In 1908, the Federal goverment passed a law known as "Continuous Passage Act", declaring that any immigrants coming from India had to travel directly from India to Canada without stopping anywhere.
Indians were also denied the vote in a 1907 law, prohibited to run for public office, serve on juries, and were not permitted to become accountants, lawyers or pharmacists.
In 1914, a well off a sikh, Gurdit Singh living in Hong Kong decided to challenge the law by sending a ship load of Indians to Canada as immigrants, the ship was called "The Komagata Maru". Gurdit Singh was arrested 2 days before the departure.
Gurdit singh was aressted for illegally selling tickets for an illegal voyage. He was released after and was granted to sail to Canada on April 4th.
The ship upped-anchor that very day with 150 Sikh passengers. They made stops in Shanghai, Moji and Yokohama where they picked up more would-be immigrants. There were 376 East Indians in total.
When Komagata Maru made it to Shanghai, a German cable company sent a message to the German press announcing the departure of the steamer Komagata Maru from Shanghai for Vancouver on April 14 with "400 Indians on board". The news was picked up by British press.
The Vancouver newspaper, The Province, published news report under the heading of "Boat Loads of Hindus on Way to Vancouver" and "Hindu Invasion of Canada".
Meetings were held in the Gurdwaras to talk about what actions to take.
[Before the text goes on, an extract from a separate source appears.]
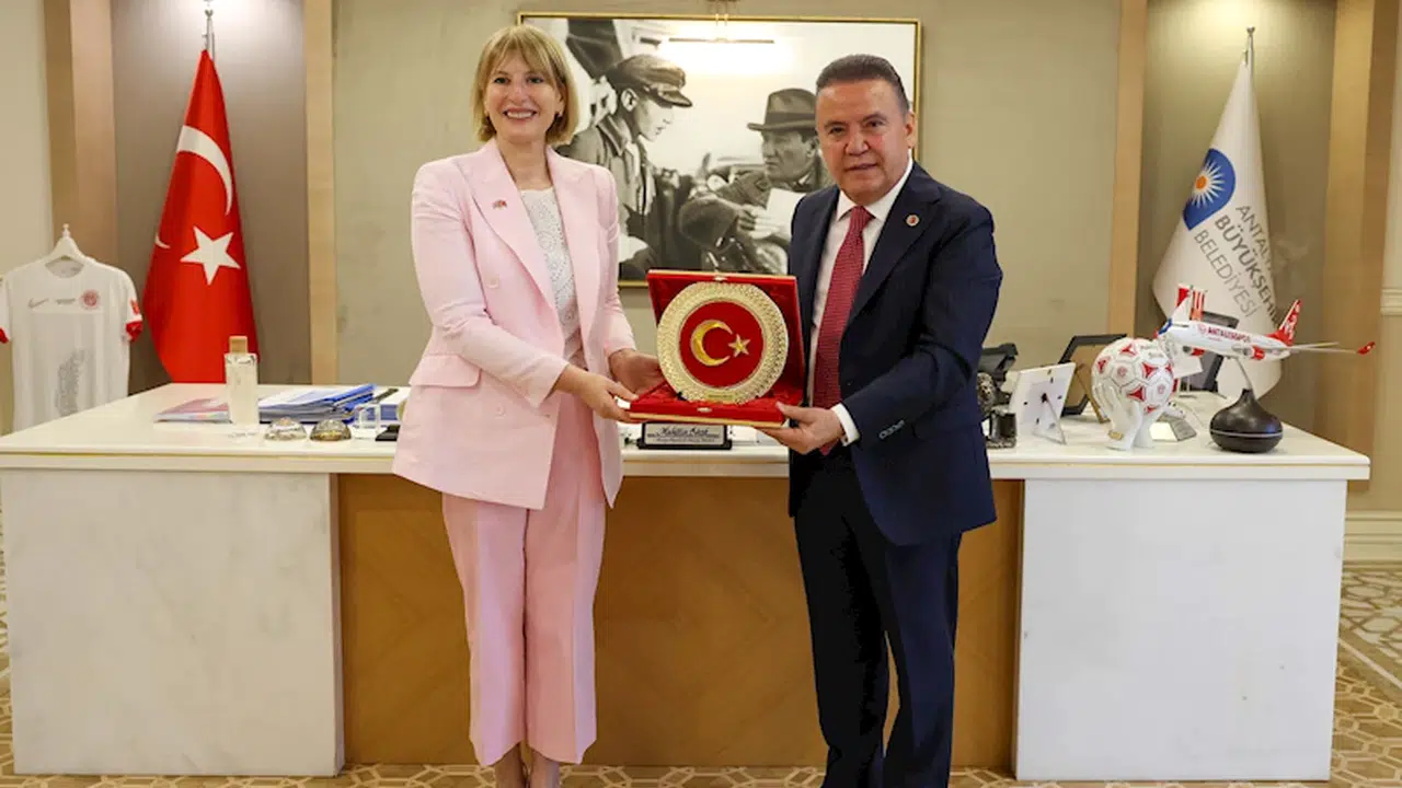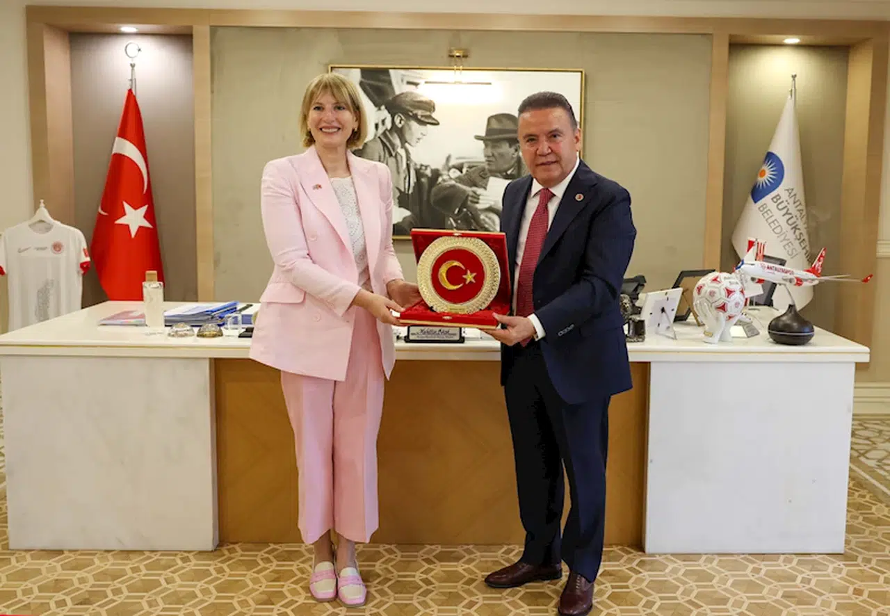 ANTALYA, (DHA)- BİRLEŞİK Krallık Türkiye Büyükelçisi Jill Morris ve beraberindeki heyet, Antalya Büyükşehir Belediye Başkanı Muhittin Böcek’i ziyaret etti. Ziyarette ağırlıklı olarak tarım ve turizm konuları ele alındı. Büyükelçi Morris, sürdürülebilirlik ve çevre konusunun İngiltere’nin de önem verdiği konuların başında geldiğini belirterek, Antalya Büyükşehir Belediyesi’nin yaptığı çalışmaların turizmi canlandıracak ve turist sayısını arttıracak önemli faktörler olduğunu söyledi.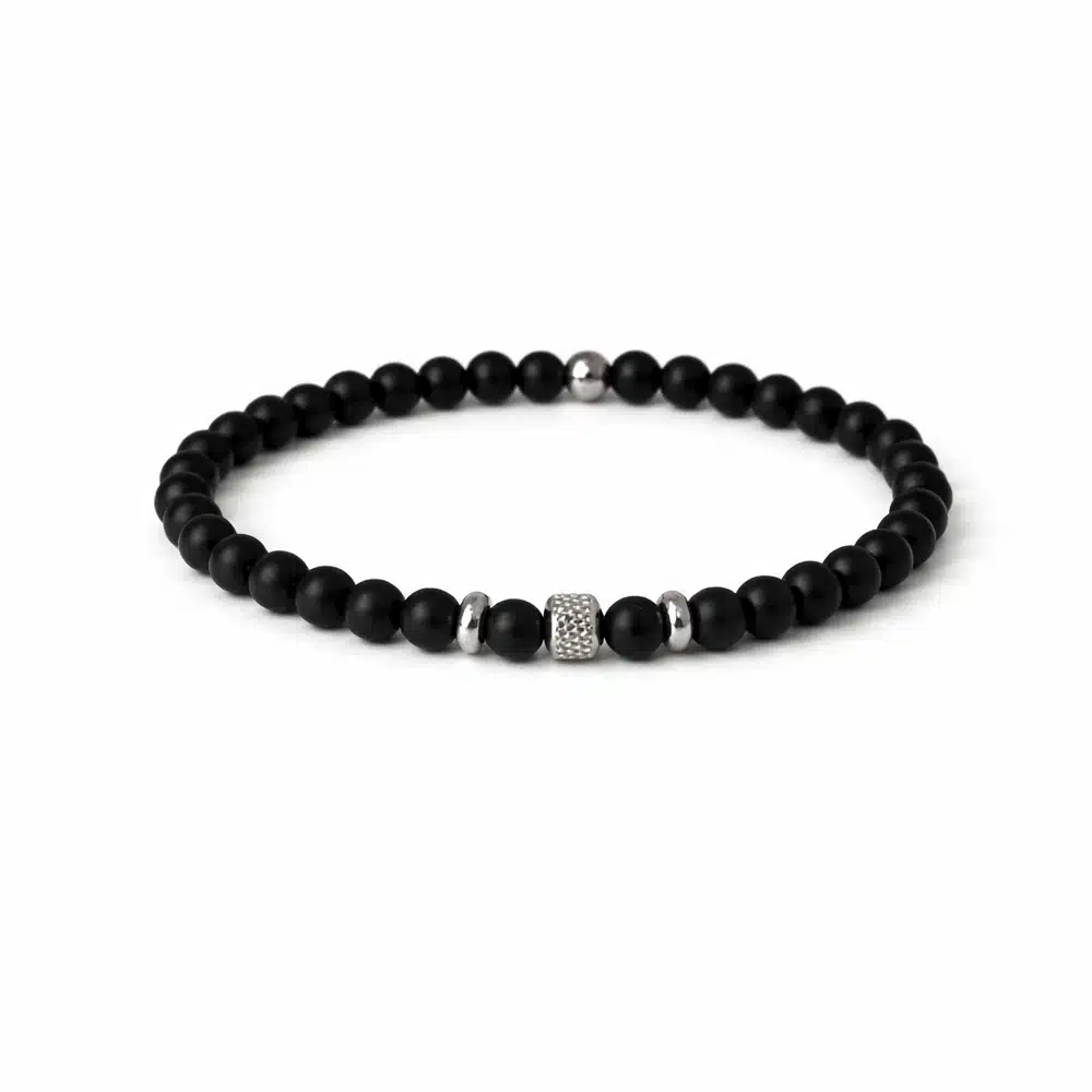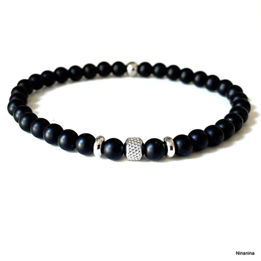 Ce splendide Bracelet en Onyx noir et Acier Inoxydable homme est celui qu’il vous faut ! Composé de pierres rondes en onyx noir mat et de rondelles en Acier inoxydable argenté montées sur un elastique très solide.

Money and provisions were gathered to help the passengers upon their arrival in Vancouver. The entire Indian community in Canada united to fight the opposition.
On May 23, 1914, the Komagata Maru reached Vancouver. The ship anchored near Burrard Inlet. Both the Indians and the Canadian authorities had been waiting for it. The Canadians wanted to send the ship back to where it caqme from. The Indians on the other side had lawyers, money and other provisions ready to help the passengers.
For two months the passengers of the Komagata Maru, the Indians in British Columbia, and the authorities of British Columbia were involved in a heated legal battle. In the end, only 24 passengers were given permission to legally stay in Canada (previous residents of B.C.).